The UAE’s economic growth, which faced a persistent slowdown from 2015, is expected to bounce back in 2018, according to the International Monetary Fund (IMF).
The IMF has projected a 1.3 per cent growth in the UAE’s real GDP in 2017, which it expects to surge to 3.4 per cent in 2018.
“Economic activity is expected to strengthen gradually in the coming years with firming oil prices and other global indicators, and an easing pace of fiscal consolidation,” the IMF Executive Board said in a statement after concluding its Article IV Consultation with the UAE.
Economic performance was subdued during most of 2016. Together with weaker oil prices and slower oil output growth, the postponement of some public infrastructure projects and a slowdown in global trade caused growth to moderate to 3 per cent last year from 3.8 per cent in 2015.
Inflation eased to 1.8 per cent from 4.1 per cent in 2015, reflecting softer domestic demand and declining rents. Despite continued fiscal consolidation, lower oil revenues widened the overall deficit to 4.3 per cent of GDP from 3.4 per cent of GDP in 2015. Likewise, the current account surplus shrank to 2.4 per cent of GDP from 4.7 per cent of GDP in 2015.
The IMF has projected the non-oil growth to rise to 3.3 per cent in 2017 from 2.7 per cent in 2016, reflecting increased domestic public investment and a pickup in global trade. Over the medium term, non-oil growth is expected to remain above 3 per cent, supported by accelerating investment in the run up to the Expo 2020. The planned VAT introduction in 2018 is not expected to have a significant adverse impact on growth.
Although impairment charges rose amid the economic slowdown, banks remained well capitalised and liquid. The weaker economy elevated risks of bank loan delinquency, requiring higher provisioning. Yet the UAE’s financial buffers, safe-haven status, sound banks, and diversified and business-friendly economy are helping it cope with the shock.
Growth is projected to recover over the next few years, as the pace of the necessary fiscal consolidation eases, global trade regains momentum, and investment, including for Expo 2020, accelerates. This outlook is subject to downside risks, stemming mainly from a further sustained decline in oil prices, tighter financial conditions, a rise in protectionism and an intensification of regional conflicts.
Although the UAE’s fiscal position remains sustainable, the IMF said an improvement in the budget balance is needed to ensure that an equitable share of the oil income is saved for future generations. Ample fiscal space allows deficits to decline gradually while mitigating the adverse impact on the economy and the financial sector.

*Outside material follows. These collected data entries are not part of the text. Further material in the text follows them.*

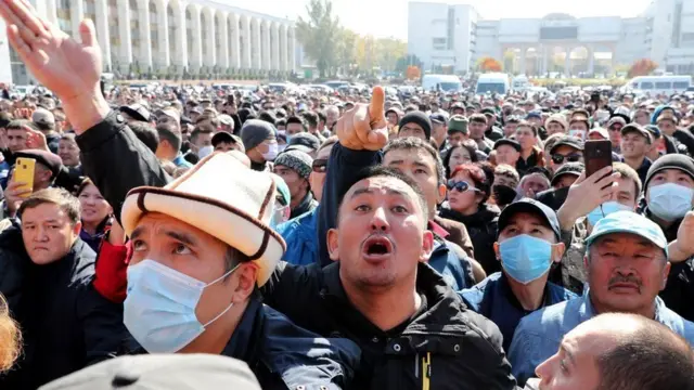 Un día después de los comicios unas 5.000 personas se reunieron en Ala-Too, una céntrica plaza de la capital kirguisa, Bishkek, para protestar contra los resultados electorales.
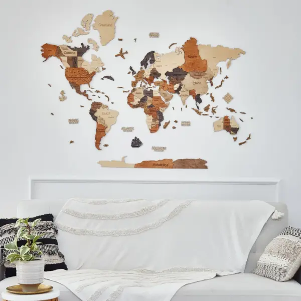 Carte du monde en bois 3D Multicolor
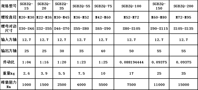 力矩放大器能特點:采用高效行星變速機構作為主傳動,體積小,重量輕,由于變速比大,輸入較小力量就能產生很大的輸出扭矩,反作用支腳可360o任意調換位置;操作人員只需施加很小的力,即可得到4-40倍的輸出力矩.配套扭力扳手根據傳動比預置好扭力,達到相應的預緊扭矩,能自動發出訊號“嗒”的一聲報警,同時伴有明顯的手感振動,從而輕捷的完成螺栓螺母的緊固拆卸工作。???
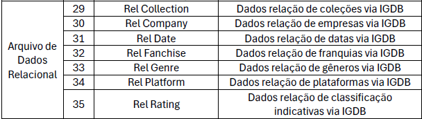 Para as informações IGDB foram criadas as tabelas Base, Dimensão e Relação, pois a complexidade da relação de dados foi um pouco complicada.
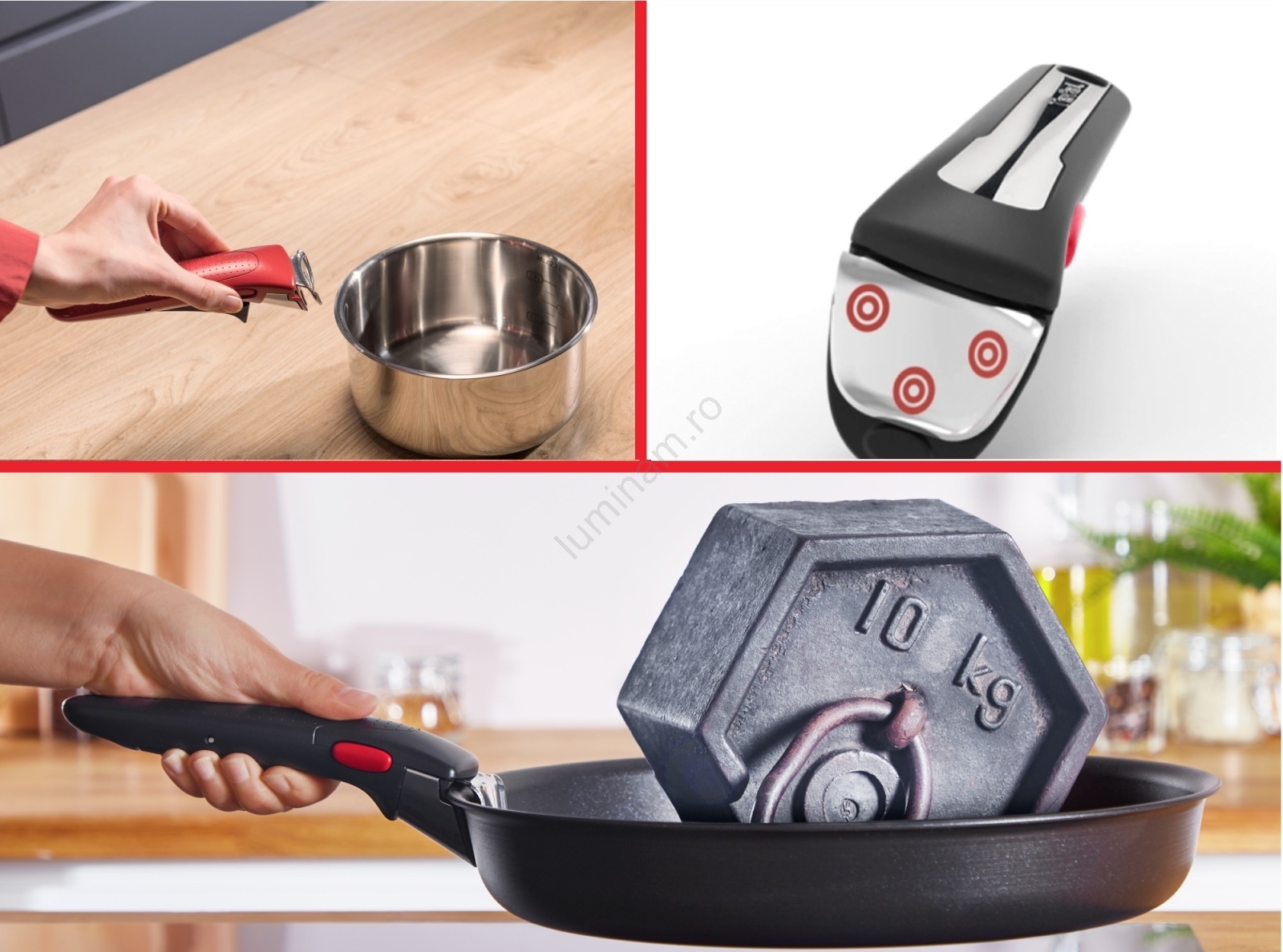• Datorită mânerului detașabil și designului stivabil puteți economisi până la 50 % din spațiul din dulapurile de bucătărie.

As part of the fiscal adjustment, the IMF said momentum in reforms needs to be sustained and coordinated with structural reforms. Complementing recent significant subsidy reforms, a timely introduction of the VAT and excise (duties) would be another major achievement, to diversify revenues away from oil. In tandem, efforts to contain growth of public spending and improve its efficiency are needed to generate the necessary fiscal savings while continuing to use public investment to diversify the economy, the IMF said.
The IMF has also called for coordinated fiscal efforts within in medium term policy framework. Adopting and publishing multi-year plans and integrating them with the annual budget process would clarify the direction for fiscal policy. Fiscal anchors and targets can be strengthened further to anchor fiscal sustainability and intergenerational equity. These efforts need to be supported by enhanced coordination between governments and GREs regarding their investment and borrowing plans, according to the IMF.